Materials provided —
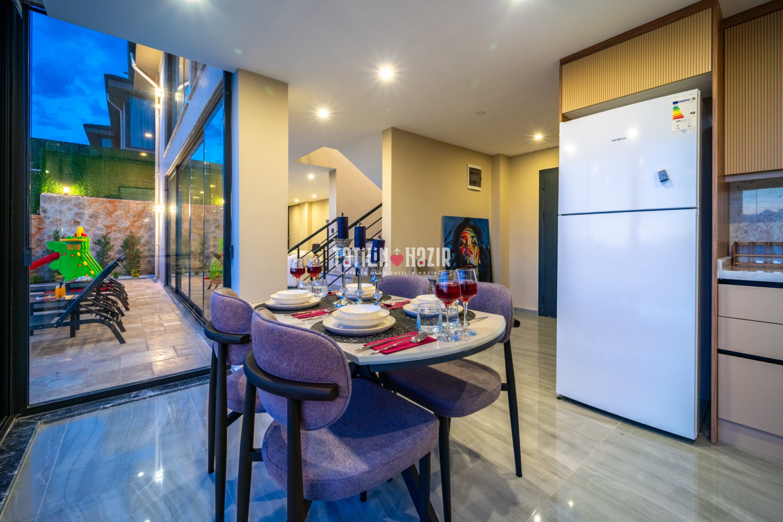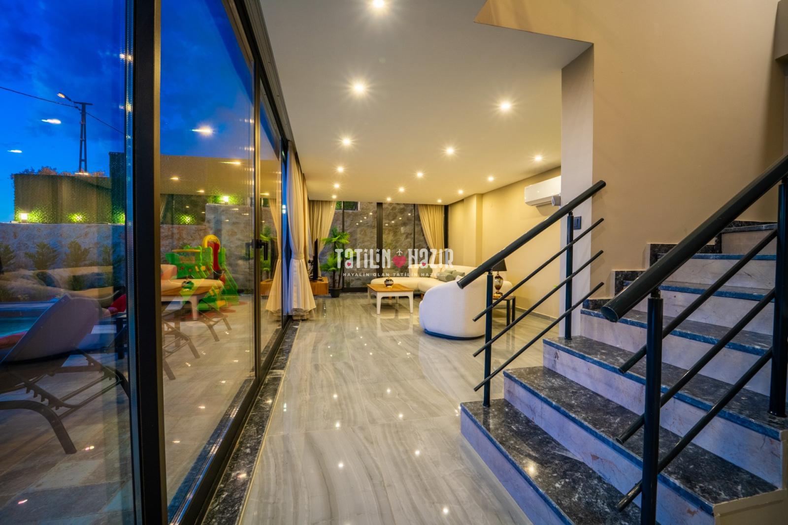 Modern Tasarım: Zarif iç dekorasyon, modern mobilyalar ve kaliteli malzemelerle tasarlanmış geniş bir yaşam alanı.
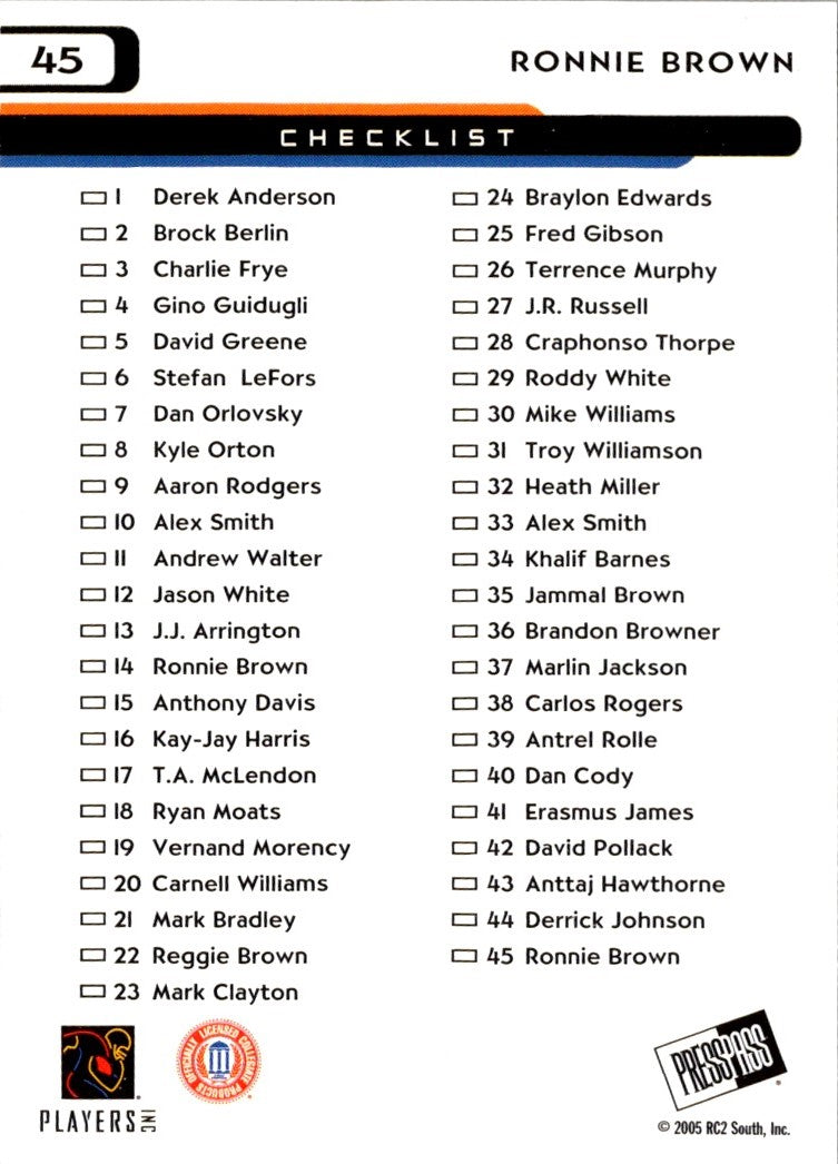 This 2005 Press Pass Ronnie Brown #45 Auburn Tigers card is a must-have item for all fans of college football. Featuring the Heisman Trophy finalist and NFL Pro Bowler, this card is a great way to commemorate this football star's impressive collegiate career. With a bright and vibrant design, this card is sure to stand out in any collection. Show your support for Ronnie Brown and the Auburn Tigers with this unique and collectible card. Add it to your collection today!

* * *

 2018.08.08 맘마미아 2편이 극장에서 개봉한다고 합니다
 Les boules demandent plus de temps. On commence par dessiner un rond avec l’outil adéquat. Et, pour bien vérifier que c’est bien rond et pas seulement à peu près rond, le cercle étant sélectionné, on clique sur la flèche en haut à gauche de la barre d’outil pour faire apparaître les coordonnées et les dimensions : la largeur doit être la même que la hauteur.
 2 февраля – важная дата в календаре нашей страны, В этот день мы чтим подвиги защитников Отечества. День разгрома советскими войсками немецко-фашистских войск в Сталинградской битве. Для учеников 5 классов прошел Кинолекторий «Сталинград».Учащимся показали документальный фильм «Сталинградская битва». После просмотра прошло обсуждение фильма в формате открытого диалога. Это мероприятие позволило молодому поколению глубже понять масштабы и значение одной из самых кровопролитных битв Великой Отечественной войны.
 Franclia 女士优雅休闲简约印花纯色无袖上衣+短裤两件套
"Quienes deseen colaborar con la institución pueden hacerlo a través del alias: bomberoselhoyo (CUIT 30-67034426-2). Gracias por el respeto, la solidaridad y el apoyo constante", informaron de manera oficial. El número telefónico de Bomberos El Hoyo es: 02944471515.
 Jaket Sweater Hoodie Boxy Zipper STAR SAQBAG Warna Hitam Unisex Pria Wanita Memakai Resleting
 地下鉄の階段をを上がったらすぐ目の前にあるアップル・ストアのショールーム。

--

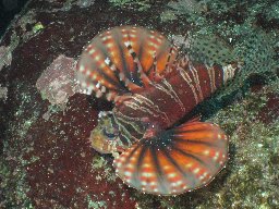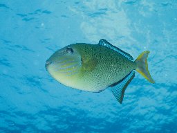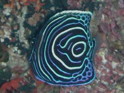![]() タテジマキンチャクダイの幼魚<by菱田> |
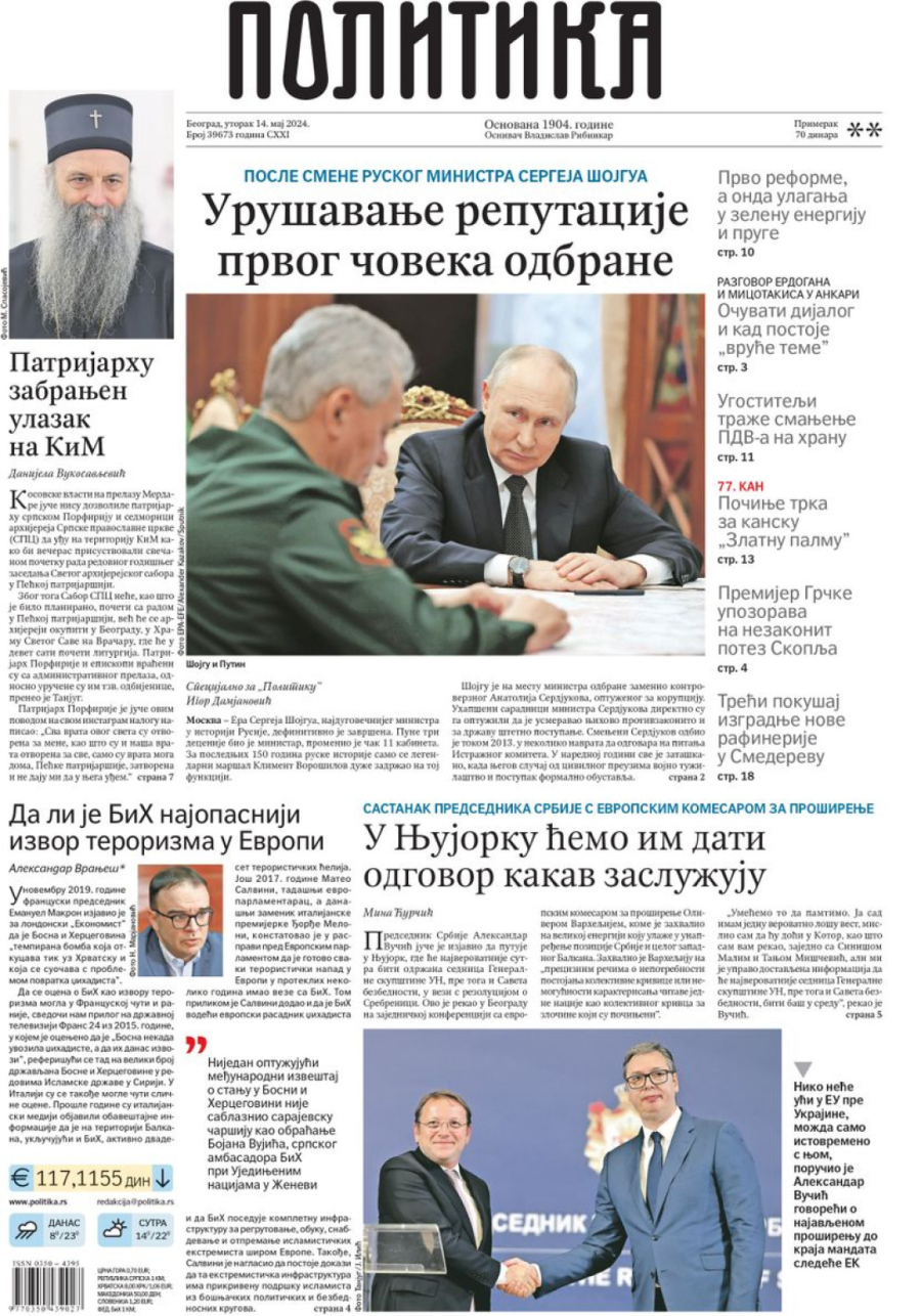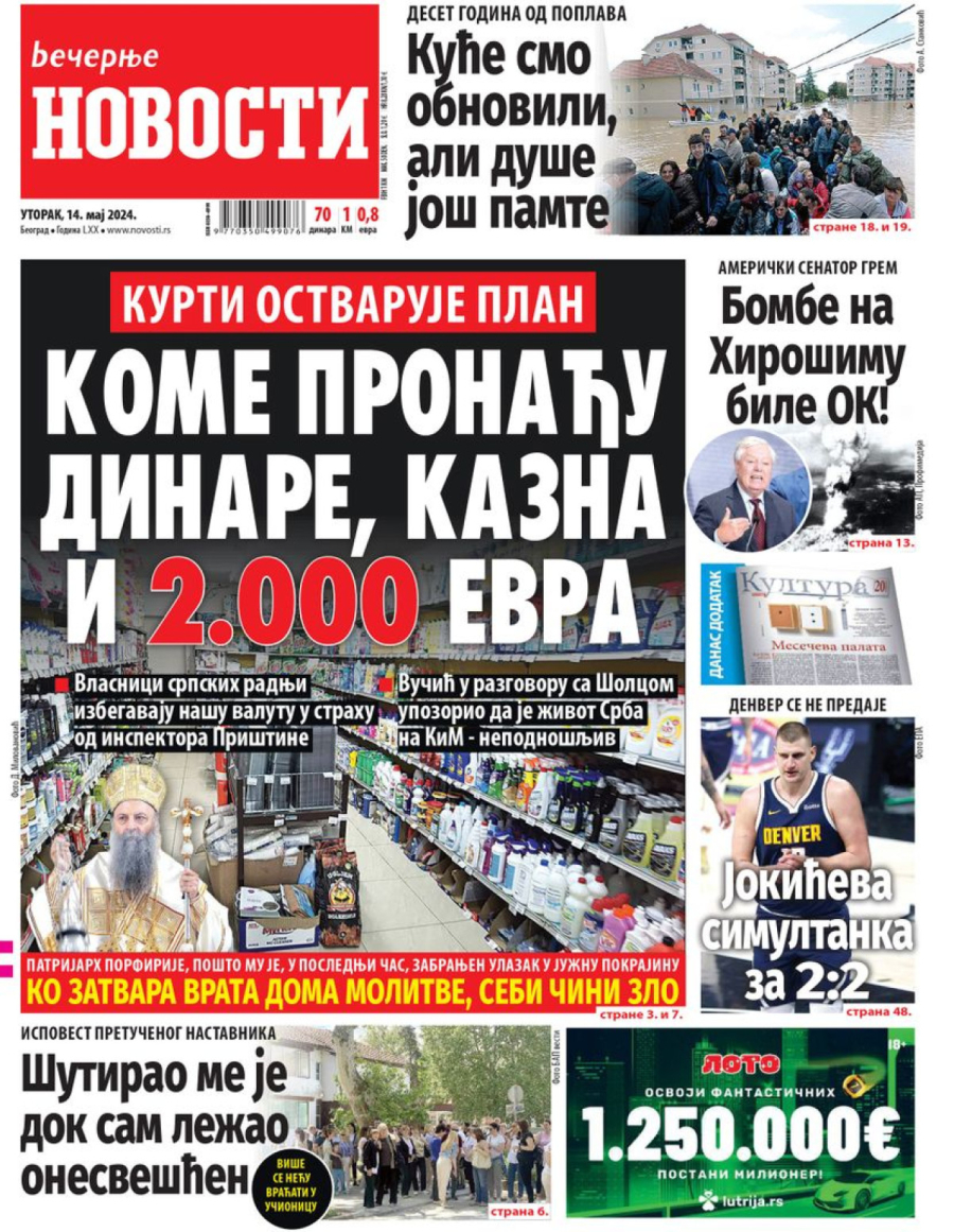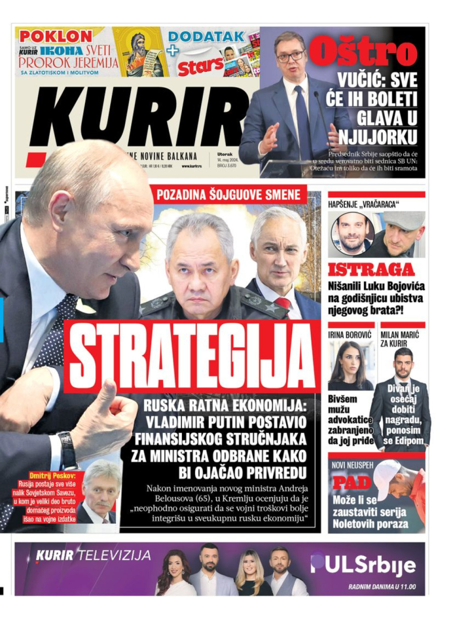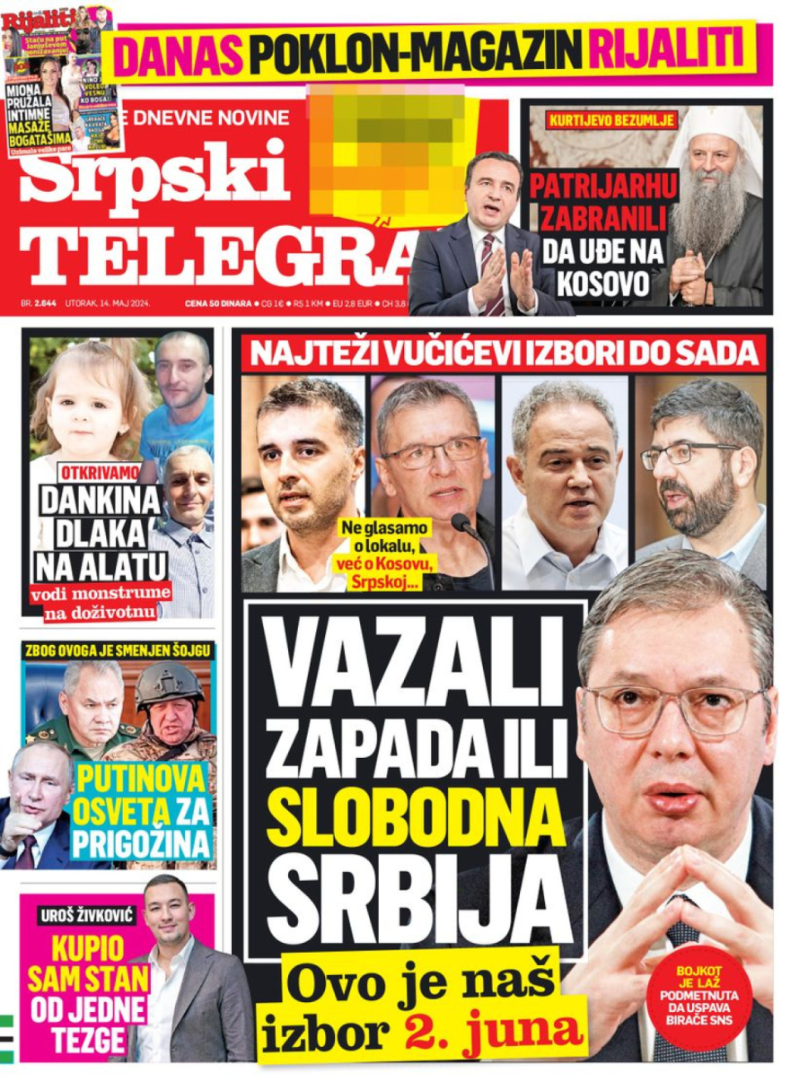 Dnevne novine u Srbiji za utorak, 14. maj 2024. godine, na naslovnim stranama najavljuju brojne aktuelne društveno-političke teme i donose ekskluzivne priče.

Goal of the exercise — Go back to the lines above and output, exactly as they stand, the ones from the line containing "Modern Tasarım: Zarif" to the line containing "This 2005 Press". Leave all pictures behind.

Answer to the exercise —
 Modern Tasarım: Zarif iç dekorasyon, modern mobilyalar ve kaliteli malzemelerle tasarlanmış geniş bir yaşam alanı.
 This 2005 Press Pass Ronnie Brown #45 Auburn Tigers card is a must-have item for all fans of college football. Featuring the Heisman Trophy finalist and NFL Pro Bowler, this card is a great way to commemorate this football star's impressive collegiate career. With a bright and vibrant design, this card is sure to stand out in any collection. Show your support for Ronnie Brown and the Auburn Tigers with this unique and collectible card. Add it to your collection today!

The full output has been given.